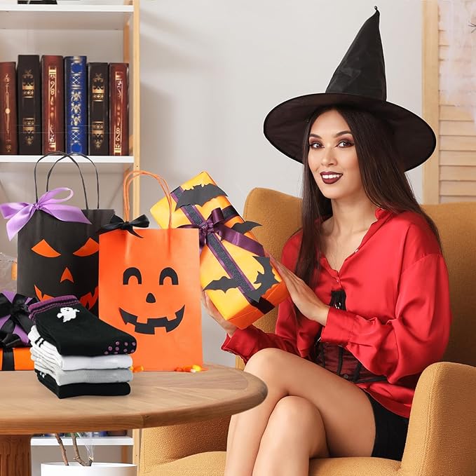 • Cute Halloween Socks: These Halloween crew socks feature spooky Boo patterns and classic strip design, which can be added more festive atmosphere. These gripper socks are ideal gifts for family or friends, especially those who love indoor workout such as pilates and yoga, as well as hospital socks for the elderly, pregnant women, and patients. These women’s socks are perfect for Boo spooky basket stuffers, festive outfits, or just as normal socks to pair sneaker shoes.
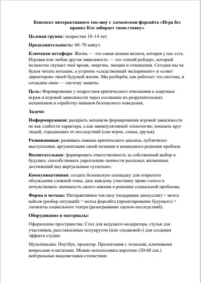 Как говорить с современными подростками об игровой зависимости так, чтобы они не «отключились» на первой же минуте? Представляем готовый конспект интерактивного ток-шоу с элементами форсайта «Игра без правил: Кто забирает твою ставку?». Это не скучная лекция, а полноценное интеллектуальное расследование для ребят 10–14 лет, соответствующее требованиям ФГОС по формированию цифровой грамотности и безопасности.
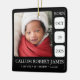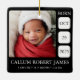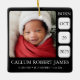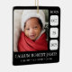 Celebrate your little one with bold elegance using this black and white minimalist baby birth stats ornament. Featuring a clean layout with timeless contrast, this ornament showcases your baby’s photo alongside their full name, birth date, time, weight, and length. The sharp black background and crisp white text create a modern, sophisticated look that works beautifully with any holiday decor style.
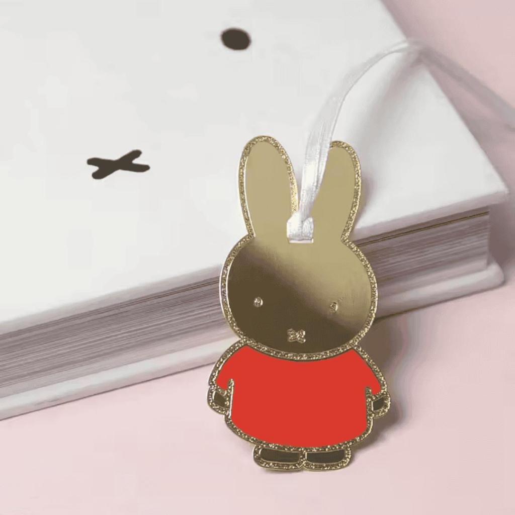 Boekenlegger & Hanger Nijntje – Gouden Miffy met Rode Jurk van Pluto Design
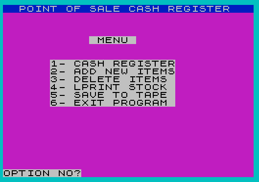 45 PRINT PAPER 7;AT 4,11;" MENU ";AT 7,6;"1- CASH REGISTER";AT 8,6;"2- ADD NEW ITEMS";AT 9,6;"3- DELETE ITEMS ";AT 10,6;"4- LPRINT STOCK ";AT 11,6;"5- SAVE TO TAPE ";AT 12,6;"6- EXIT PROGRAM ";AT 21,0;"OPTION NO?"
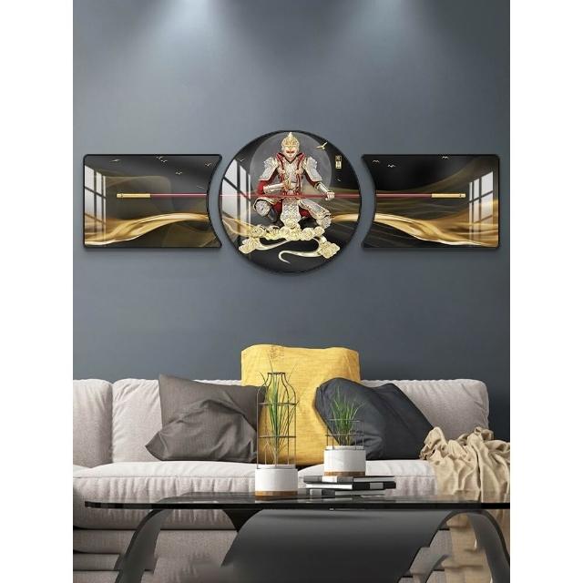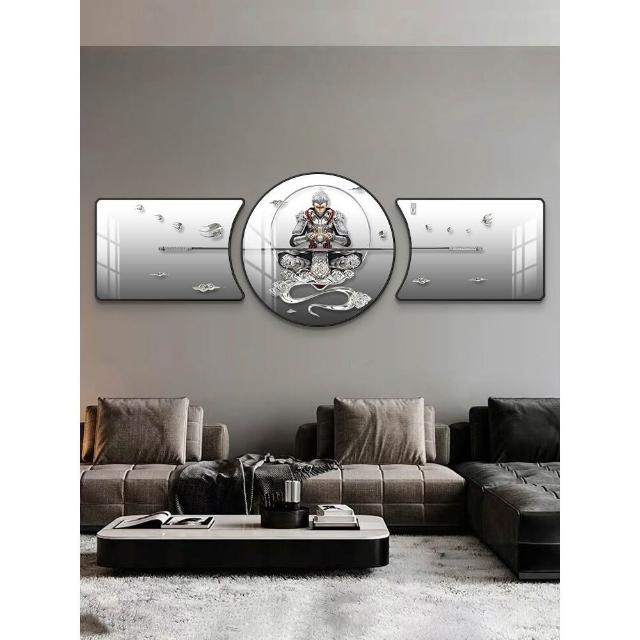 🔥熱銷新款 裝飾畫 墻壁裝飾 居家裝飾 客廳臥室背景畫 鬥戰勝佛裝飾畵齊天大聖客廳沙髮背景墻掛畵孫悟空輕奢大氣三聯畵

---*---

**Your objective**
Locate "Celebrate your little" in the entries above. Copy, exactly and only, the lines from that line to the end, leaving out the pictures.

**Response area**
 Celebrate your little one with bold elegance using this black and white minimalist baby birth stats ornament. Featuring a clean layout with timeless contrast, this ornament showcases your baby’s photo alongside their full name, birth date, time, weight, and length. The sharp black background and crisp white text create a modern, sophisticated look that works beautifully with any holiday decor style.
 Boekenlegger & Hanger Nijntje – Gouden Miffy met Rode Jurk van Pluto Design
 45 PRINT PAPER 7;AT 4,11;" MENU ";AT 7,6;"1- CASH REGISTER";AT 8,6;"2- ADD NEW ITEMS";AT 9,6;"3- DELETE ITEMS ";AT 10,6;"4- LPRINT STOCK ";AT 11,6;"5- SAVE TO TAPE ";AT 12,6;"6- EXIT PROGRAM ";AT 21,0;"OPTION NO?"
 🔥熱銷新款 裝飾畫 墻壁裝飾 居家裝飾 客廳臥室背景畫 鬥戰勝佛裝飾畵齊天大聖客廳沙髮背景墻掛畵孫悟空輕奢大氣三聯畵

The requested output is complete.